Top of MATERIAL SUPPLIED
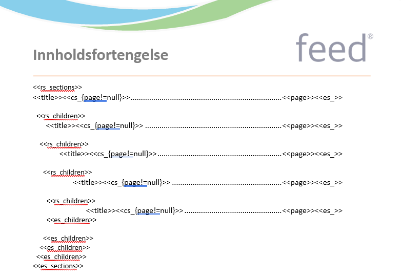 Disse er litt spesielle og her anbefaler jeg at dere tar en titt i vedlagt eksempel for å se hvordan man kan bygge opp disse for å få riktig struktur. I en mal av denne typen så har en tilgang til to spesielle "tags" som benyttes for å skrive ut riktig tittel og sidetall for kapitler(mapper) i katalogen. <<title>> for mappenavn, og <<page>> for sidetall. En kan så bygge opp en fortegnelse med å lage seksjoner for hvert "nivå" i strukturen som en ønsker skal inngå. I eksempel under er det en ToC som støtter 5 nivåer. Hvert nivå har da sin egen seksjon som itererer over sin undernivåer (children). Med å manipulere på hvor mange sliker seksjoner med "children" en inkluderer kan man styre hvor "dypt" i strukturen innholdsfortegnelse skal gå. I selve strukturen så kan en også velge om en mappe skal inngå eller utelates fra ToC.
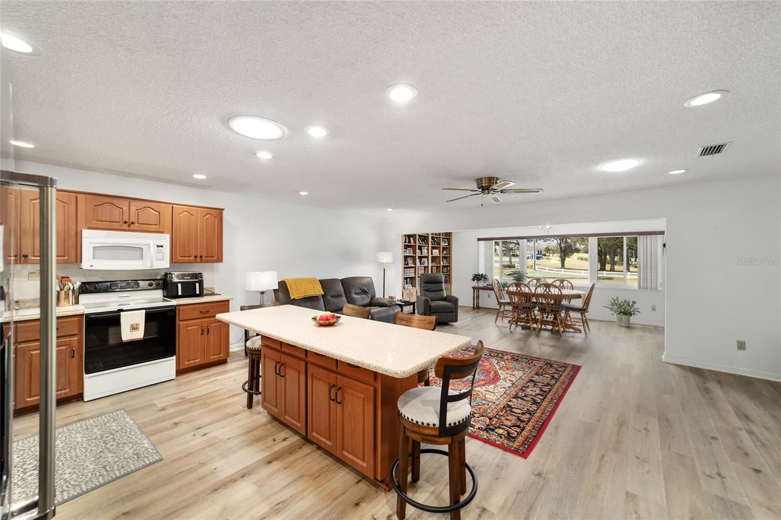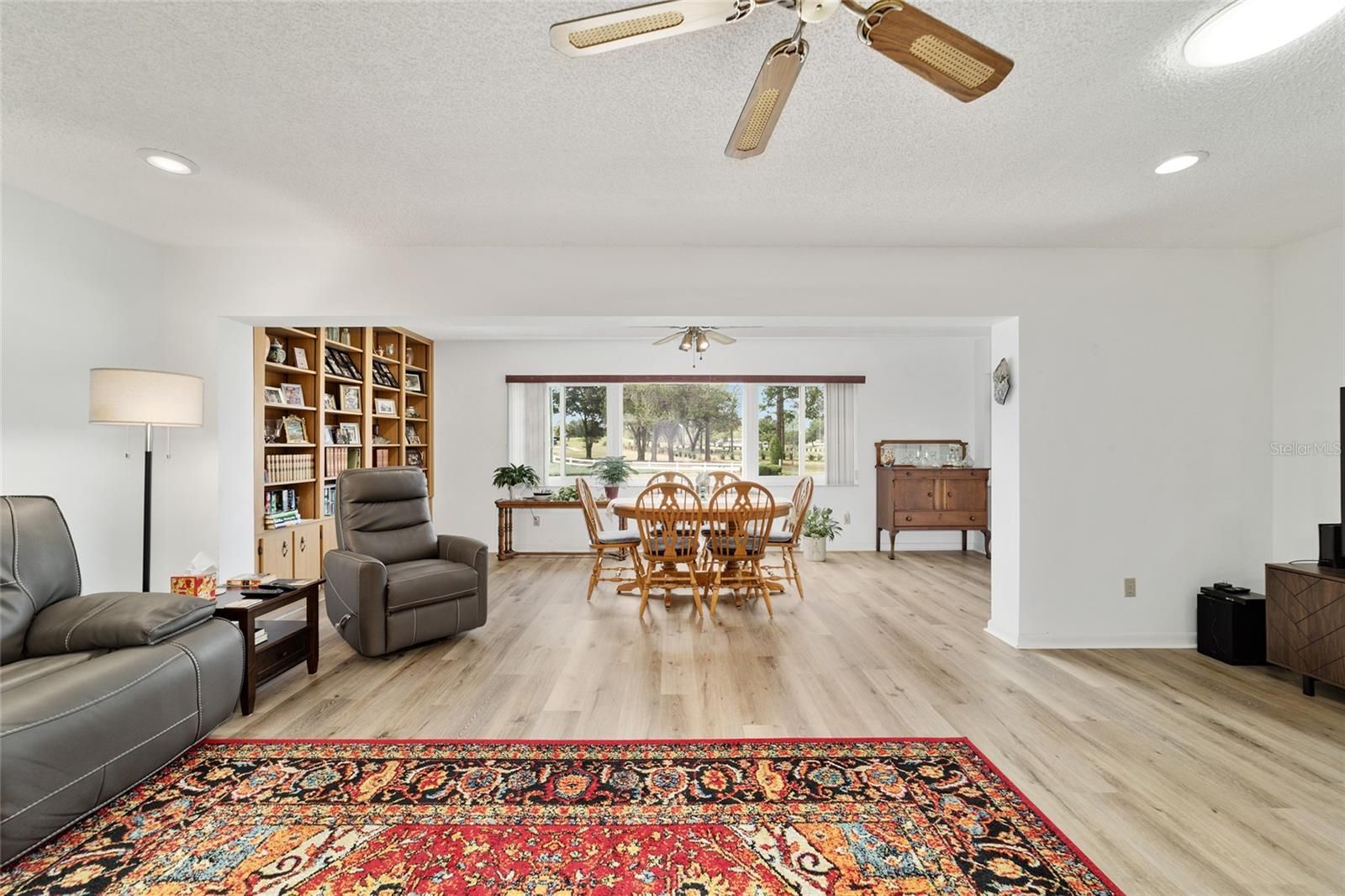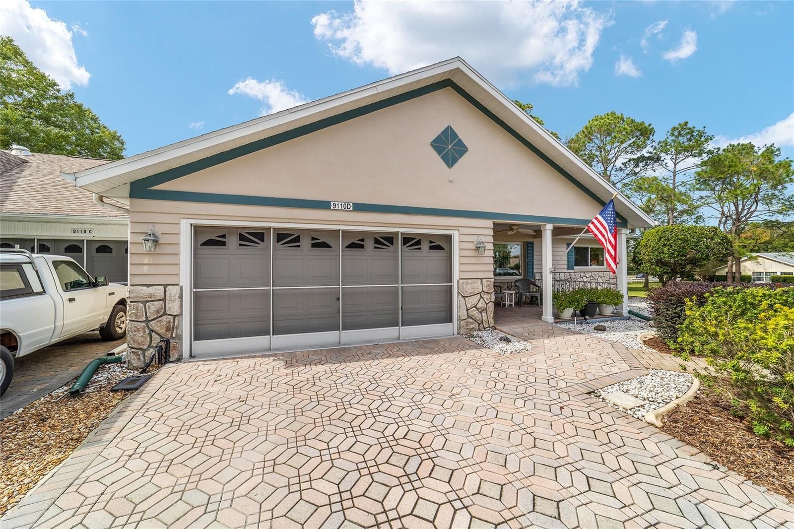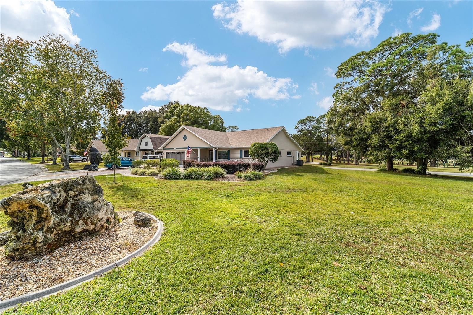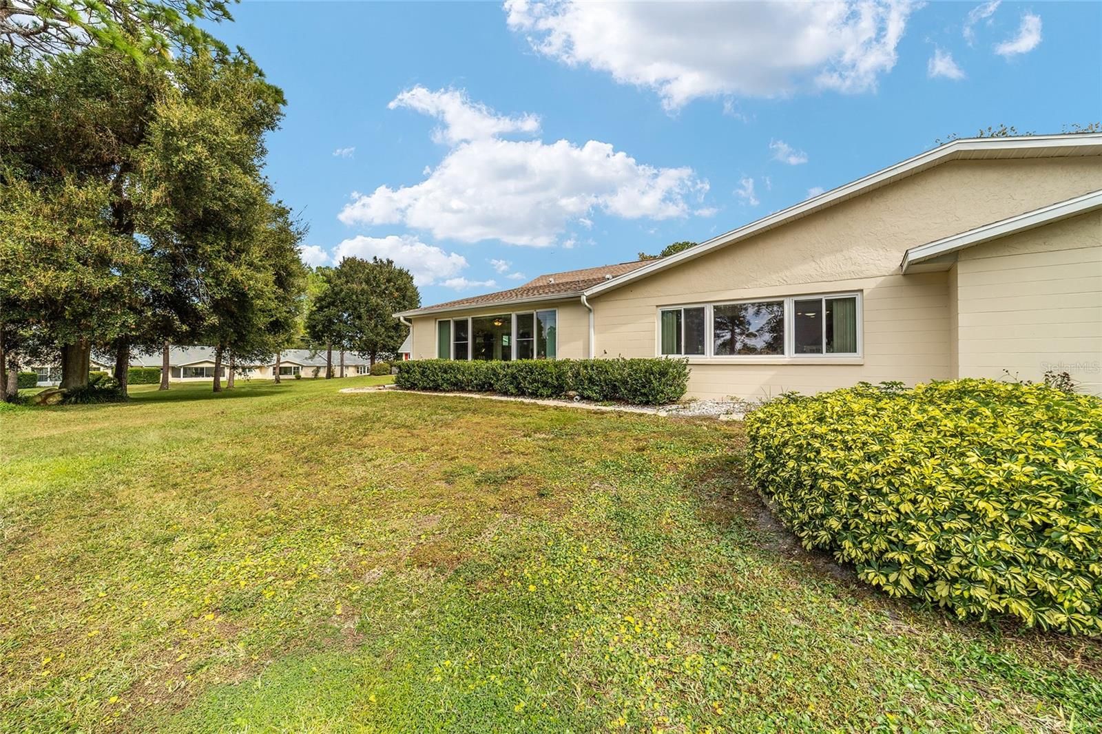 PRIVATE LOT: This beautifully updated DOUBLE Expanded Bostonian offers 2 bedrooms, 2 bathrooms, 2 car garage and a versatile flex room off the primary suite, accessible through elegant French doors. The flex space provides endless possibilities- it can serve as a private office, man cave, enclosed lanai, or craft room. The home showcases new luxury vinyl plank flooring throughout, an updated kitchen, and stylishly renovated bathrooms. The kitchen features newer cabinets, solid surface countertops, stainless steel appliances including a brand-new KitchenAid refrigerator- plus a generous center island, pantry, and abundant storage. It seamlessly overlooks an expanded great room with built in bookshelves, creating an ideal setting for entertaining or relaxing. Both bathrooms have been tastefully updated with upgraded tile, new vanities, and modern shower enclosures. The guest bathroom features a therapeutic walk-in spa for added comfort. Additional updates include a newer roof(), windows(), water softener, and HVAC system(), ensuring peace of mind and energy efficiency. This desirable end unit offers exceptional privacy with no rear or front neighbors and overlooks a serene, park-like setting from the front porch. Curb appeal is top notch from the paver driveway and porch to the raised landscape beds. This thoughtfully enhanced home combines style, comfort, and privacy in one inviting package. On Top of the World in Ocala's premier 55+ golf community offering world-class amenities and golf cart access to shopping, dining, entertainment, health, and beauty.
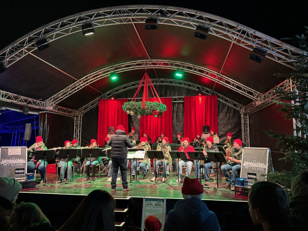 Die Stimmung ist trotz Regenwetters super und euphorisch, das Weihnachtsmarktpublikum und die Fans der AFS Big Band sind begeistert – ein Erfolg auf ganzer Linie.
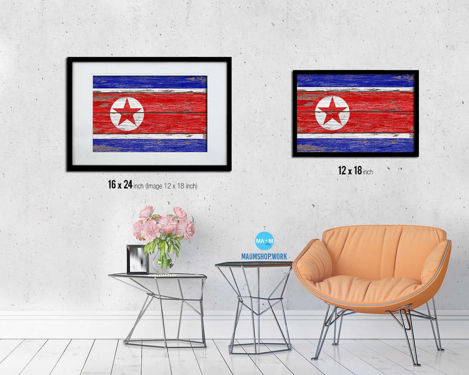 North Korea Country Wood Rustic National Flag Wood Framed Print Wall Art Decor Gifts
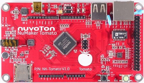 新唐NuMaker Tomato是一款精简、开源硬件架构,核心搭配新唐32位ARM926EJ-S NUC976DK62Y 处理器与Linux 操作系统为主的单板计算机,运作频率可达300 MHz,内建64MB DDR2 RAM,搭配新唐 NAU8822 Audio Codec,特别适合用于音讯处理;提供完整丰富的接口,包含10/100Mbps以太网络接口、Micro SD 卡槽、麦克风输入、3.5mm耳机接头、支持两组USB 2.0高速Host,以及Arduino兼容的接脚等。Tomato 非常适合创客创作各种物联网应用。
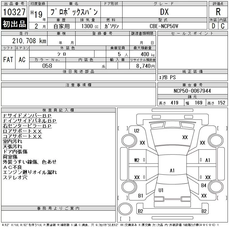 Toyota PROBOX с аукциона Японии CAA Tokyo лот № 10327
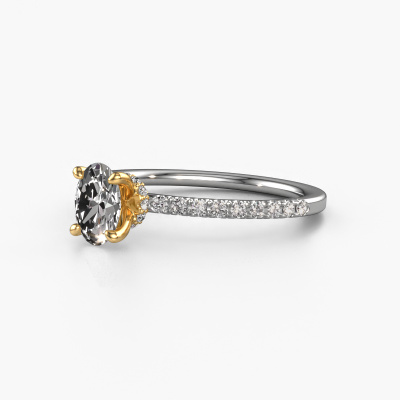 The ring shown above is called the Crystal OVL 4. We call this type of ring a pavé solitaire ring because it has one centre gemstone and a band that is also pave set with gemstones. The 14 Carat white gold engagement ring is set with a oval 0.60 crt diamond centre stone and the band is pave set with diamond gemstones. Each jewel is made with passion and love by one of our master goldsmiths.This contemporary white gold pavé solitaire engagement ring has an exquisite oval diamond centre stone. To further accentuate the centre stone, the band is fully set with more diamonds. Its open prong setting allows light to strike the diamond from various angles and this adds sparkle to your diamond ring. The photo shown above depicts the goldsmith's carefully handcrafted details of the ring. The high positioning of the centre stone is truly eye-catching. The perfect engagement ring for the crown jewel of your life! After receiving your order, our goldsmiths will passionately start the creative process of making your engagement ring in our own studio. Because we don't have a big stockpile, these costs will not be passed on to you. Our pricing is proof of that! We offer top quality jewels at lowest price, guaranteed.Our team adds new designs to our online collection daily. Our designers and goldsmiths work together in creating the best design. We strive to offer a diverse collection of jewels. Perhaps you have a specific jewel design in mind. One you came across somewhere. Please contact us for a free consultation. We will make you an offer, based on a fair price/ quality ratio, that will baffle you.To make it easier for you, we offer a 30 day return policy. Check our terms and conditions.
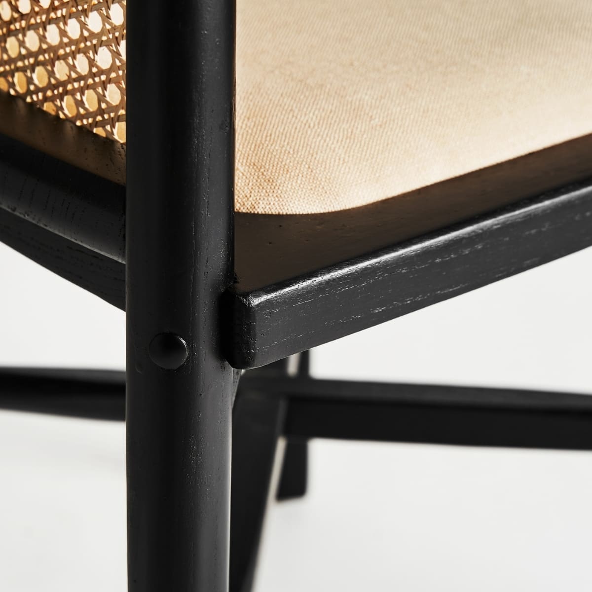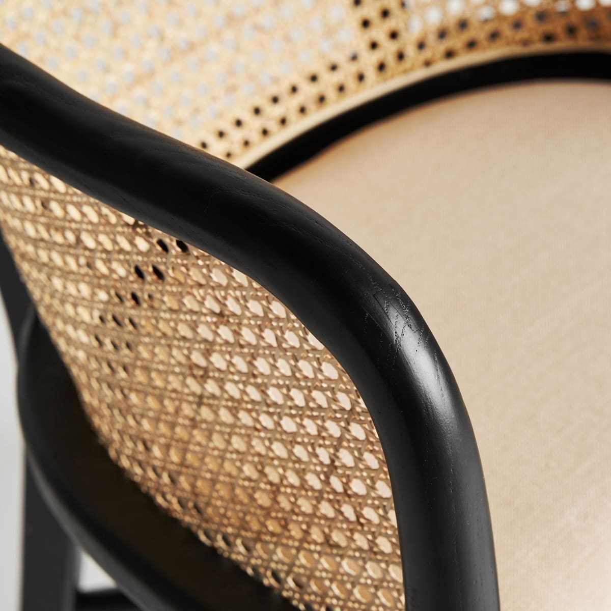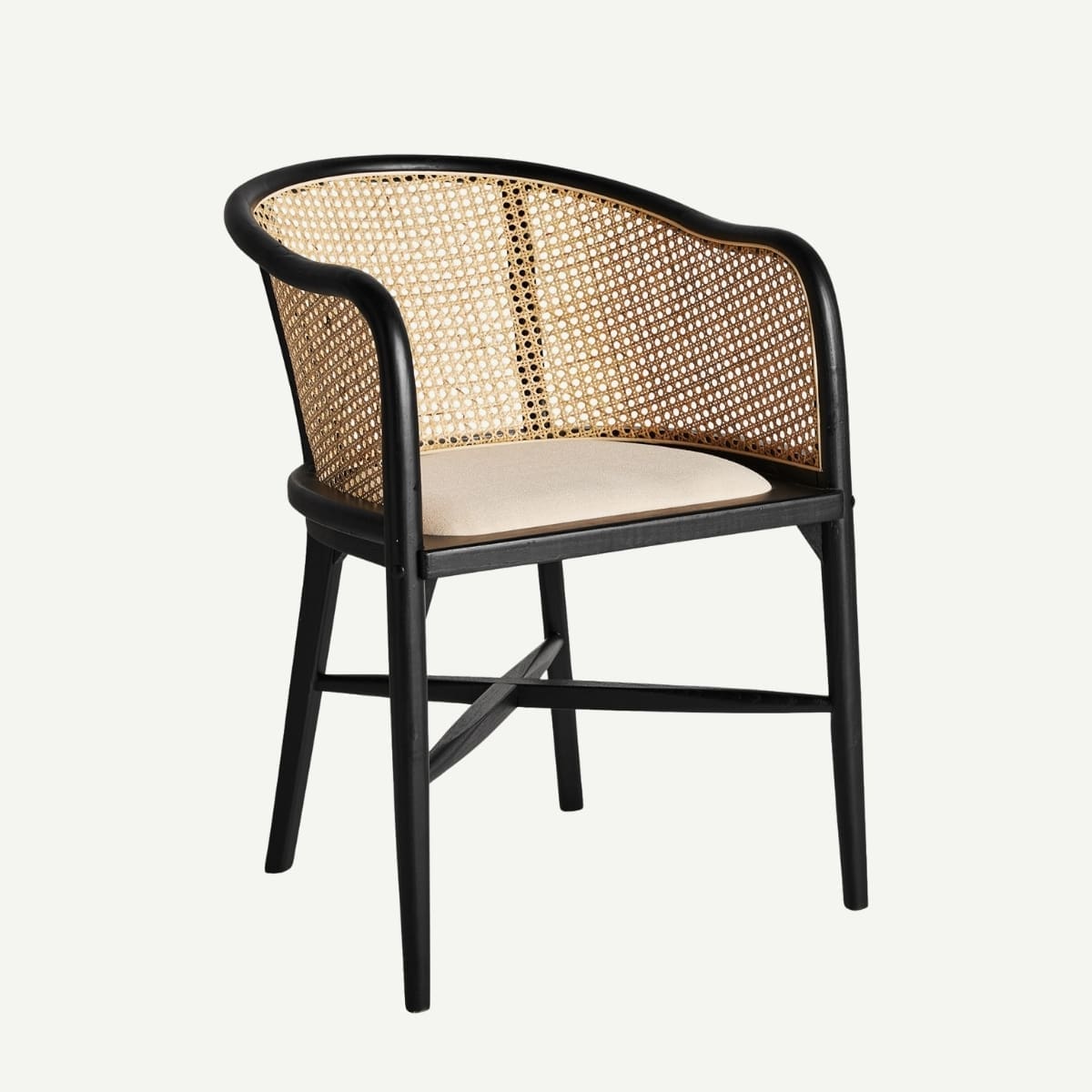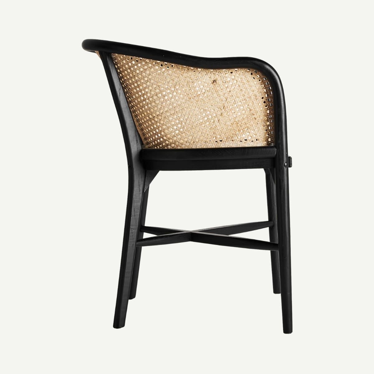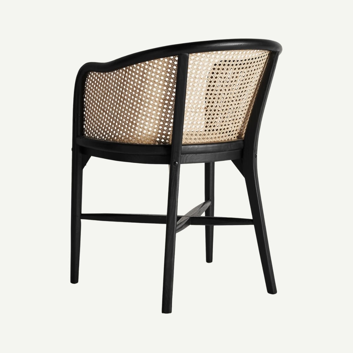Cette chaise mêle la force du bois de bouleau noir à la délicatesse du rotin tressé, formant un dossier aux courbes aériennes qui enveloppent le dos avec douceur. Son assise en lin beige naturel apporte confort et raffinement, tandis que le contraste entre la structure sombre et les fibres claires crée une harmonie visuelle pleine de caractère. Elle trouvera aussi bien sa place autour d’une table de salle à manger que comme assise d’appoint dans un intérieur raffiné.
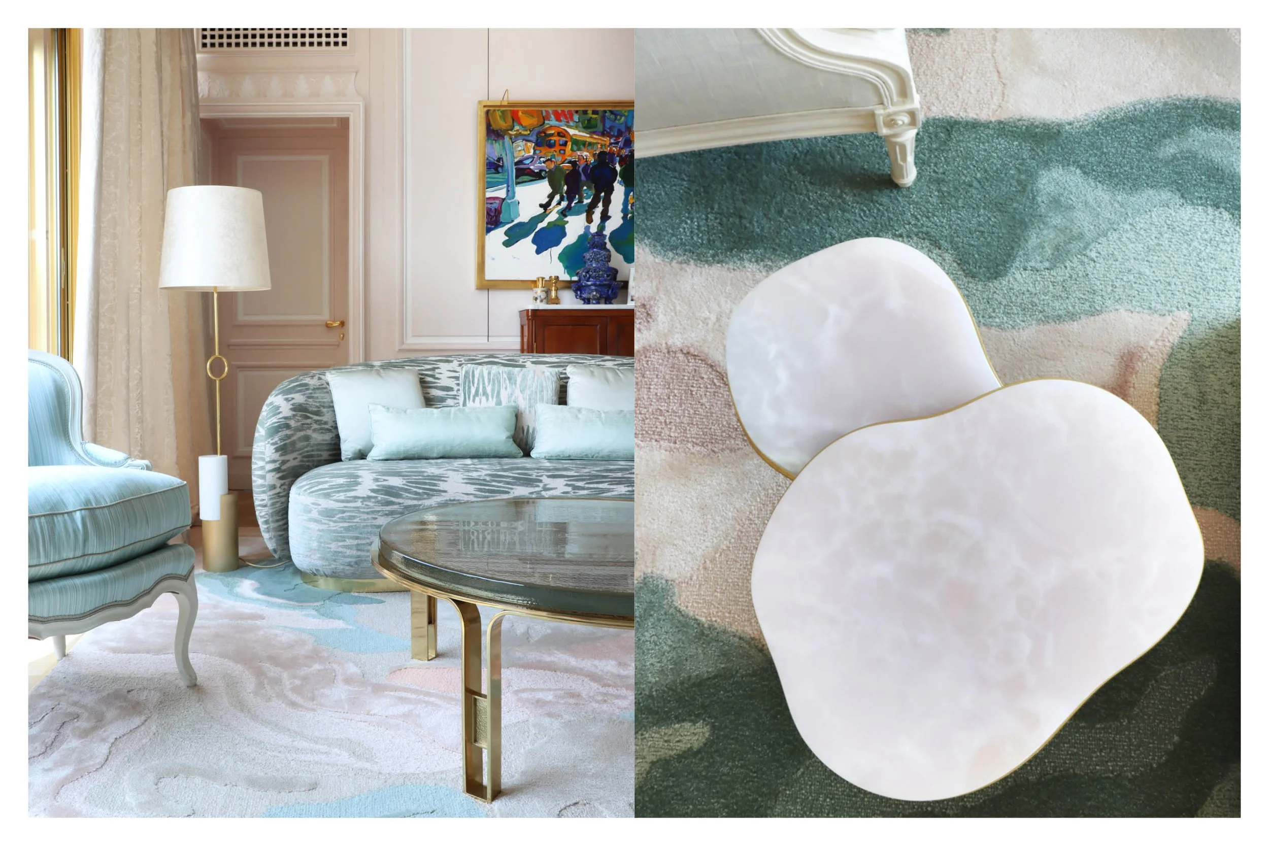 • Une image divisée en deux parties : à gauche, deux tables basses en surface blanche avec une finition marbrée, placées sur un tapis multicolore; à droite, un salon élégamment décoré avec un fauteuil blanc, un canapé rose pâle, une lampe de table et une peinture représentant une scène de rue animée.
Bottom of MATERIAL SUPPLIED
▶ [WHAT THE TASK ASKS]: Reproduce exactly, with no pictures, the lines above from the one holding "新唐NuMaker Tomato是一款精简、开源硬件架构,核心搭配新唐32位ARM926EJ-S NUC976DK62Y" to the one holding "Toyota PROBOX с", inclusive.

▶ [ANSWER BOX]:
 新唐NuMaker Tomato是一款精简、开源硬件架构,核心搭配新唐32位ARM926EJ-S NUC976DK62Y 处理器与Linux 操作系统为主的单板计算机,运作频率可达300 MHz,内建64MB DDR2 RAM,搭配新唐 NAU8822 Audio Codec,特别适合用于音讯处理;提供完整丰富的接口,包含10/100Mbps以太网络接口、Micro SD 卡槽、麦克风输入、3.5mm耳机接头、支持两组USB 2.0高速Host,以及Arduino兼容的接脚等。Tomato 非常适合创客创作各种物联网应用。
 Toyota PROBOX с аукциона Японии CAA Tokyo лот № 10327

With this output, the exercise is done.